Customers at Apple's forthcoming Madison Avenue store on Manhattan's Upper East Side will be privy to a special Apple Store experience, as the company will reinstate its dormant personal shopping service and observe shorter-than-normal hours in order to fit in with the tony neighborhood.
"The Upper East Side store is designed to serve an important role in the neighborhood and respect the surrounding community," Apple told the Wall Street Journal. "In this case, that means a smaller footprint, earlier closing time, and private shopping options for customers."
The company's previous personal shopping effort allowed customers to pre-book appointments for one-on-one service from Apple Store staff. Apple shuttered the program in 2010, after it became untenable as store popularity exploded.
Apple's statement was in response to concern over the store's contruction on the part of Upper East Side residents, who fear that the new outlet would bring a down-market feel to the otherwise posh area when consumers line up and camp out for new product launches.
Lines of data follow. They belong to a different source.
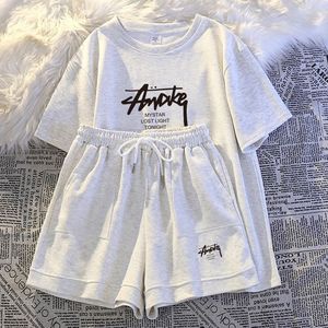 索罗娜新款2025夏大码女装两件套宽松休闲显瘦女T恤短裤套装
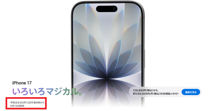 アップルイベントにて、iPhone17の発売日が9月19日(金)と発表されました。予約注文は9月12日(金)の午後9時から開始となります。値段は通常が129,800円~、Airが159,800円~、Proが179,800円~、Pro Maxが194,800円~となっています。
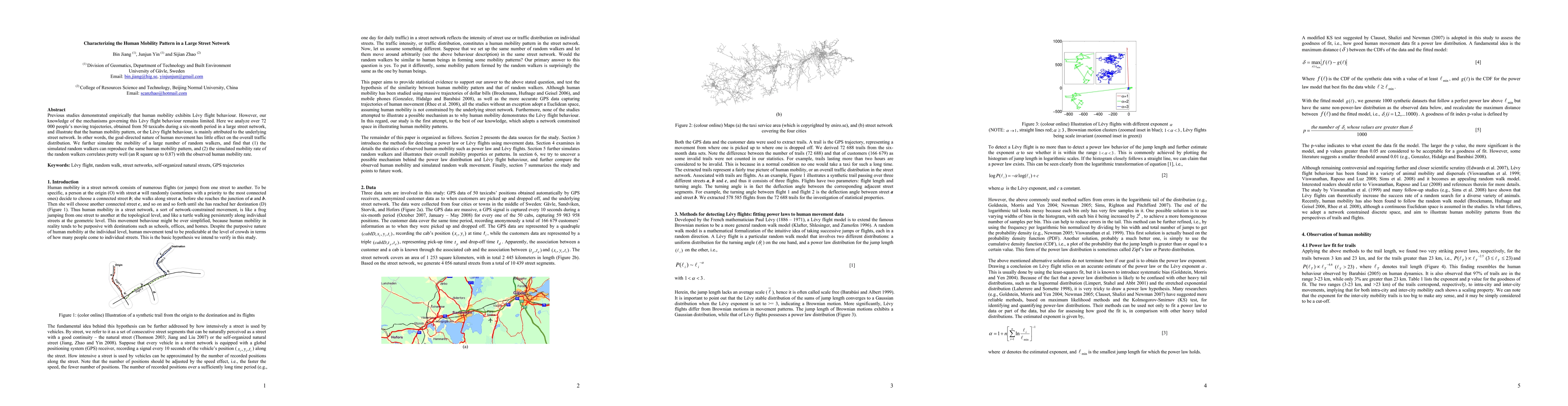 Previous studies demonstrated empirically that human mobility exhibits Levy flight behaviour. However, our knowledge of the mechanisms governing this Levy flight behaviour remains limited. Here we analyze over 72 000 people's moving trajectories, obtained from 50 taxicabs during a six-month period in a large street network, and illustrate that the human mobility pattern, or the Levy flight behaviour, is mainly attributed to the underlying street network. In other words, the goal-directed nature of human movement has little effect on the overall traffic distribution. We further simulate the mobility of a large number of random walkers, and find that (1) the simulated random walkers can reproduce the same human mobility pattern, and (2) the simulated mobility rate of the random walkers correlates pretty well (an R square up to 0.87) with the observed human mobility rate.
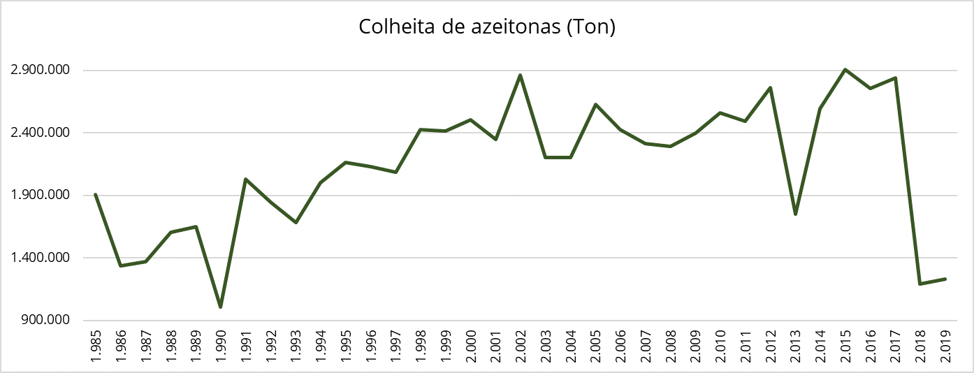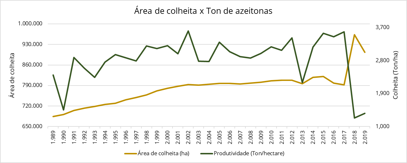 Mesmo com o esforço de aumento de área colhida, a produção total de azeitonas colhidas (não é azeitona de mesa) não pode ser mantida.

Area businesses and residents have banded together to oppose the store.
Madison Avenue "has been a fine retail corridor that doesn't generate the crowds that Apple does," according to Herbert Feinberg, the opposition leader, who owns a five-story townhouse in the neighborhood. "The Whitney [an art museum which relocated from Madison Avenue last year] didn't do that at all except for Friday events, but it was a dignified line. No shouting, no screaming, no tents, no sleeping bags, no barbecues."
Said another long-time Upper East Side resident, the Madison Avenue location is "so shockingly the wrong place."
Apple has brought in an architectural A-team for its new store, which will be located in the 93-year-old former United States Mortgage and Trust Company building at the corner of East 74th Street and Madison Avenue. Longtime partners Bohlin Cywinsky Jackson -- whose name has been on numerous flagship Apple Stores as the architect of record -- are handling the design, while Eckersley O'Callaghan will provide critical expertise in structural glass engineering.